Tight liquidity constrains RBI, but continued inflation concerns point to a possible rate increase in January.
This effectively mirrors the existing temporary two-percentage-point liquidity adjustment facility (LAF) support. But, YES Bank Chief Economist Shubhada Rao points that the permanent cut has a more salutary effect on the markets. “This indicates RBI believes the liquidity tightness is not just a short-term phenomenon, as average net LAF repo (effective liquidity deficit gauge) was over Rs 1 lakh crore, more than double the RBI-indicated comfort level of one per cent of NDTL,” she sais.
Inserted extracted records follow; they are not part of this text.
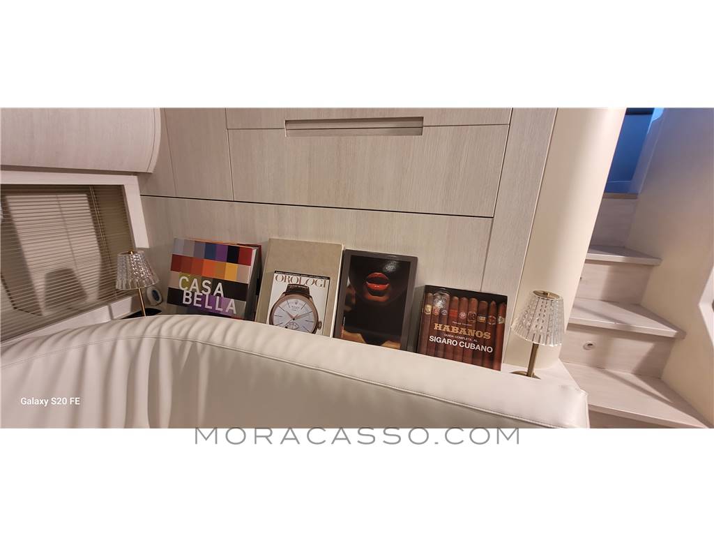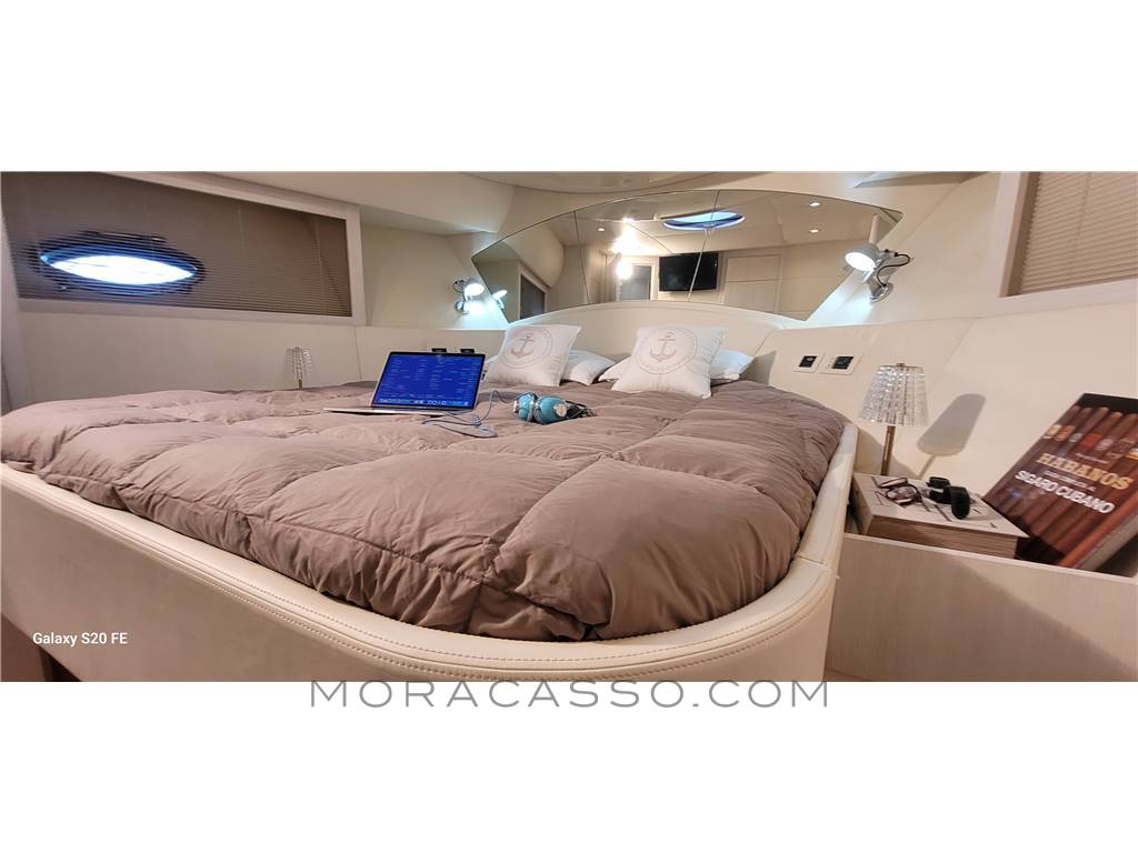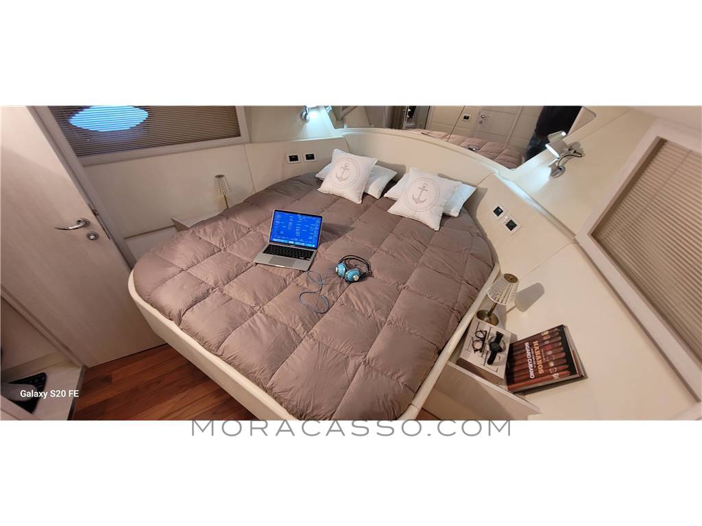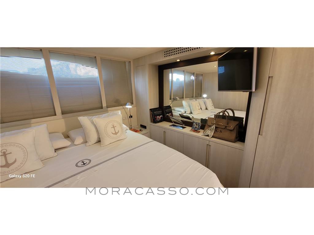Il layout degli interni è composto da cabina armatoriale a centro barca a tutta larghezza, e quindi full beam, con letto matrimoniale volante, al suo interno TV Lcd, bagno e box doccia con porta in plexiglass semicircolare, il pavimento e in teak naturale.
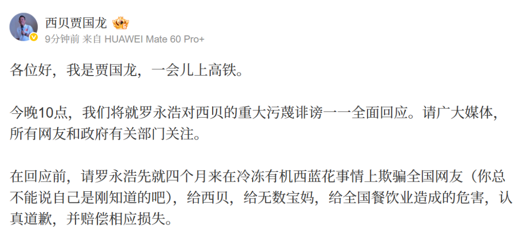 罗永浩表态后,贾国龙最新发声:今晚10点全面回应,请罗永浩认真道歉
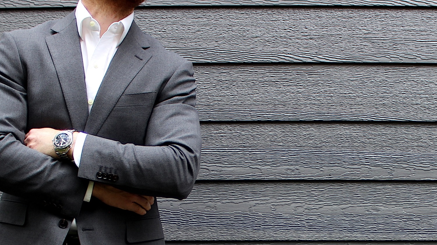 PROS: Sold as separates so you’re not stuck with a “nested” jacket and pants. You pick the size of the jacket, you pick the size of the pants, bang there’s your suit. All season wool from Italy’s Reda mill. Softer shoulder and sleeves designed for ease of movement. Suit, overall, moves super well with just a hint of natural stretch. Very subtle “nailhead” visual texture makes it interesting but still all-occasions appropriate. Also available in a deep blue option. Would excel in all three scenarios from our “Versatile Medium Gray Suit – 3 Ways“ posts. Size shown above is a 36R jacket and 31 trouser on Ryan who is 5’9″/160.
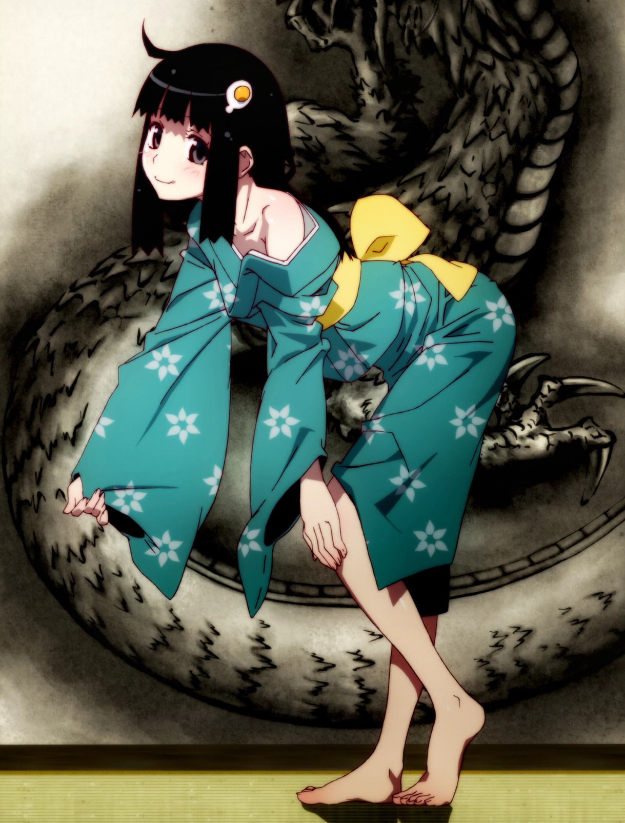 着物姿の月火の肩出し・生脚・裸足。
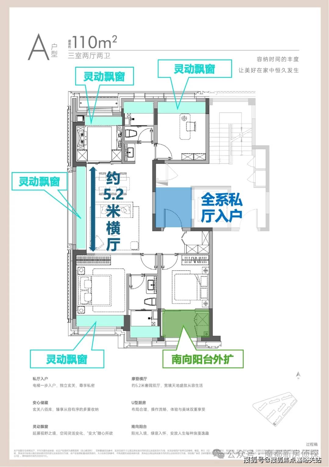 全屋私厅入户,电梯独享,归家仪式感拉满。玄关标配能装下一切的“800库”,收纳力爆炸。约5.2米的大宽厅,连接南向阳台,采光视野无敌。U型厨房、全明户型,每一寸空间都有效利用。
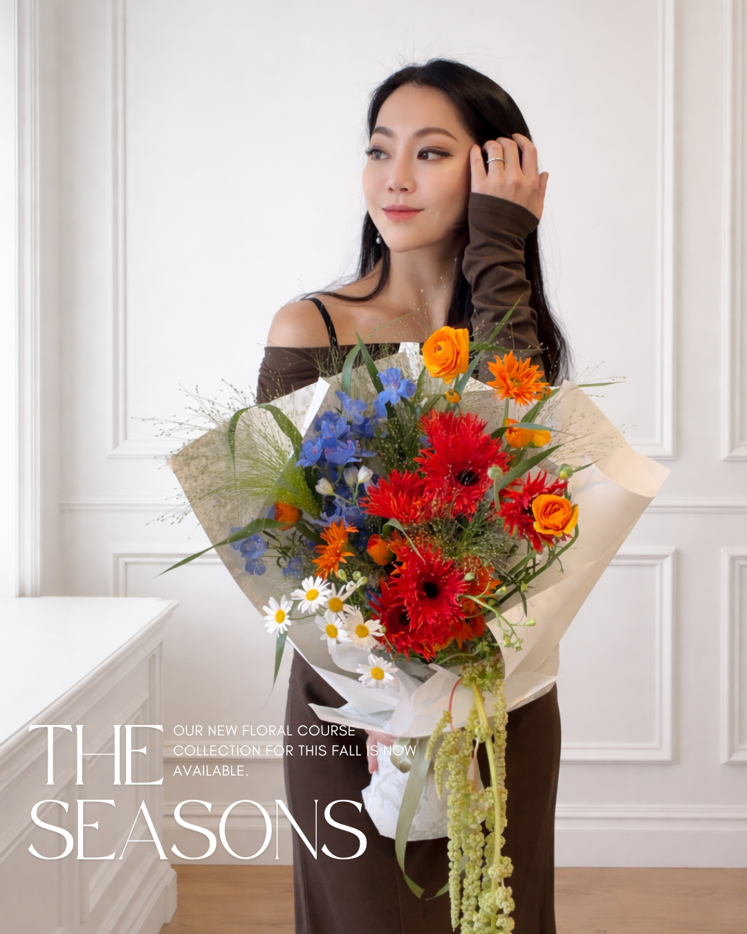 以明亮而自由的色彩為靈感,將紅、橘、藍與白色花材自然交織,像春日花園在陽光下同時綻放。花束保留了輕盈與野性的線條,讓每一朵花都在色彩中自由呼吸,垂墜的綠色雞冠營造藝術優雅感受,整體呈現充滿生命力與喜悅的繽紛氛圍 🌸✨

RBI also announced G-sec purchases, which will inject up to Rs 48,000 crore additional liquidity next month and bring the deficit to Rs 50,000-55,000 crore. Bank of Baroda Chief Economist Rupa Rege Nitsure points out that resumption of government spending, foreign institutional inflows and delayed response to deposit rate increases will ease liquidity in the next quarter.
However, a key dampener is the inflation outlook. RBI acknowledged a potential upside risk to its March 2011 projection of 5.5 per cent. Nitsure sees inflation at 6.6 per cent by March 2011 and expects a 25-basis-point rise in policy rates in January and possibly another in March if inflationary pressures increase.
While 2010-11 credit growth is expected to match RBI’s estimate of 20 per cent, deposit growth will lag (given the slow growth seen year-to-date), despite the rise in deposit rates and negative real interest rates, says Rao. For banks, a Macquarie research sees an additional 50-100 basis point deposit rate rise keeping margins under pressure for some more quarters. Banks with high current and saving account continue to be top picks in this environment.